US President Donald Trump said on Monday that he would not meet with Canada “for a while,” as Prime Minister Mark Carney offered an olive branch to resume trade talks.
Trump announced he would be hiking tariffs on Canadian goods by an additional 10 percent and terminated all trade talks following what he called a “fake” anti-tariff ad campaign that featured the late ex-president Ronald Reagan.
When asked whether he would meet with Carney at the Asia-Pacific Economic Cooperation (APEC) summit he told reporters on Air Force One: “I don’t want to meet with him, no.”
“I’m not going to be meeting with him for a while… One of the most difficult countries to deal with has been Canada, as much as I love Canada itself and the people of Canada,” Trump added.
Trump did not confirm when the tariff hike is set to begin.
Speaking on the sidelines of a regional summit in Malaysia on Monday, Carney said he ready to resume talks with Trump following the row.
“We stand ready to sit down with the United States, myself with the president, my colleagues with their colleagues, when the US is ready to sit down,” Carney told reporters.
Carney said he had not had any contact with the US president in Kuala Lumpur.
But added that he had agreed to meet Chinese President Xi Jinping, with both men due at an Asia-Pacific Economic Cooperation (APEC) summit in South Korea on Wednesday.
Carney said talks with Xi would include their “commercial relationship, as well as the evolution of the global system”.
Trump’s global sectoral tariffs — particularly on steel, aluminium, and automobiles — have hit Canada hard, forcing job losses and squeezing businesses.

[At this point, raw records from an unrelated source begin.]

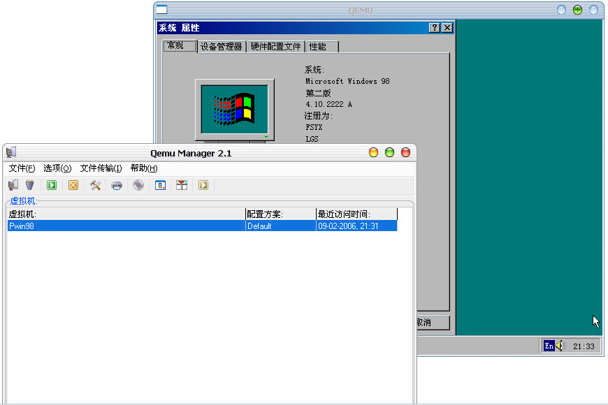 Qemu Manager For Windows 2.1 With QEMU 0.8.0 and KQEMU supportQemu 是一套可以在 Windows 操作系统中虚拟出另一套操作系统的虚拟机软件。由于它可以在系统中仿真出一颗虚拟的 CPU,然后将要虚拟的操作系统交给这颗虚拟 CPU 去处置,所以可以达到同一平台却可以同时实行两种操作系统的目的。
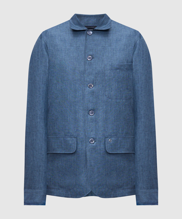 Синяя рубашка из льна, шерсти и шелка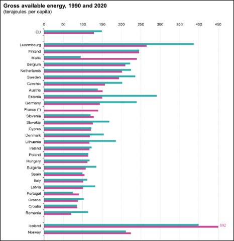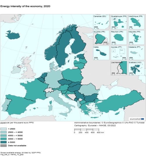Și dacă tot avem la dispoziție cea mai mică cantitate de energie dintre toți europenii, cam atât și consumăm. Suntem, cum s-ar spune, printre campionii eficienței energetice continentale, având printre cele mai scăzute intensități energetice din Uniune, adică ne trebuie o mult mai mică cantitate de energie pentru a produce 1000 de euro de PIB decât au nevoie ceilalți europeni: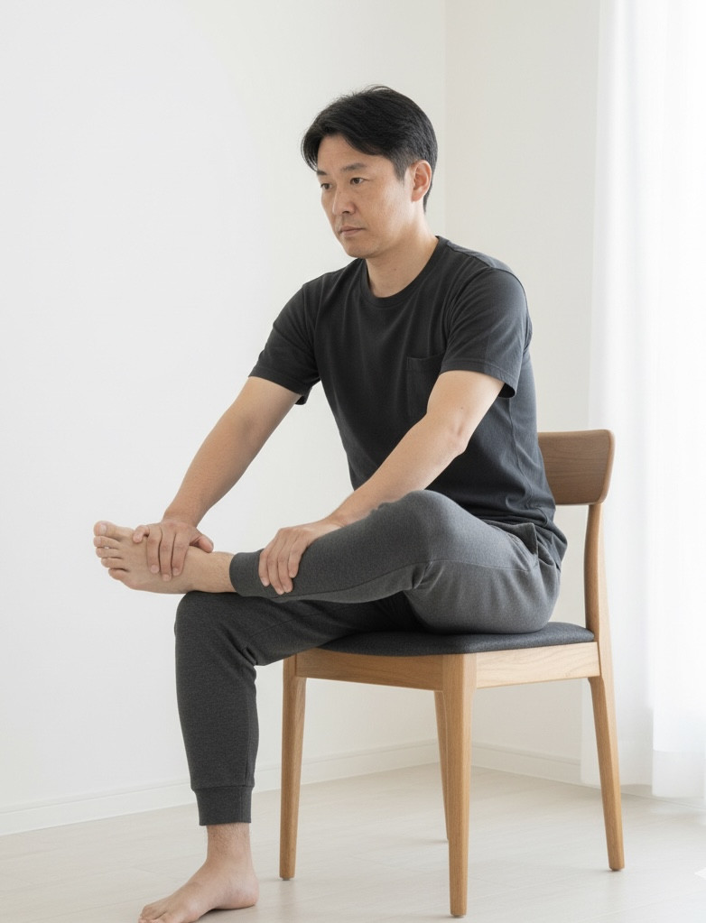 長時間のデスクワークやスマホ操作で固まりがちな股関節は、腰痛の直接的な原因です。この体操で、股関節の連動性を高め、骨盤の安定を取り戻しましょう。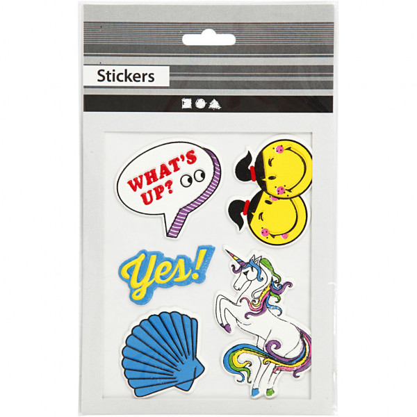 Self-adhesive stickers made of plastic, printed with colourful motifs. Used for decoration on bags, mobile covers and shoes.

“We had made considerable progress on a supplement to the trading relationship that we had,” Carney added, referring to US trade talks, including “considerable progress in the areas of steel, aluminium, and energy-associated areas as well”.
The ad from the Canadian province of Ontario used quotes from a radio address on trade that Reagan delivered in 1987, in which he warned against the ramifications that he said high tariffs on imports could have on the US economy.
It cited the Republican icon as saying “high tariffs inevitably lead to retaliation by foreign countries and the triggering of fierce trade wars.” The quote matches a transcript of his speech on the Ronald Reagan Presidential Library’s website.
The Ronald Reagan foundation wrote on X on Thursday that the Ontario government had used “selective audio and video” and that it was reviewing its legal options.
Ontario said it would pull the offending anti-tariff ad on Monday so that negotiations could resume.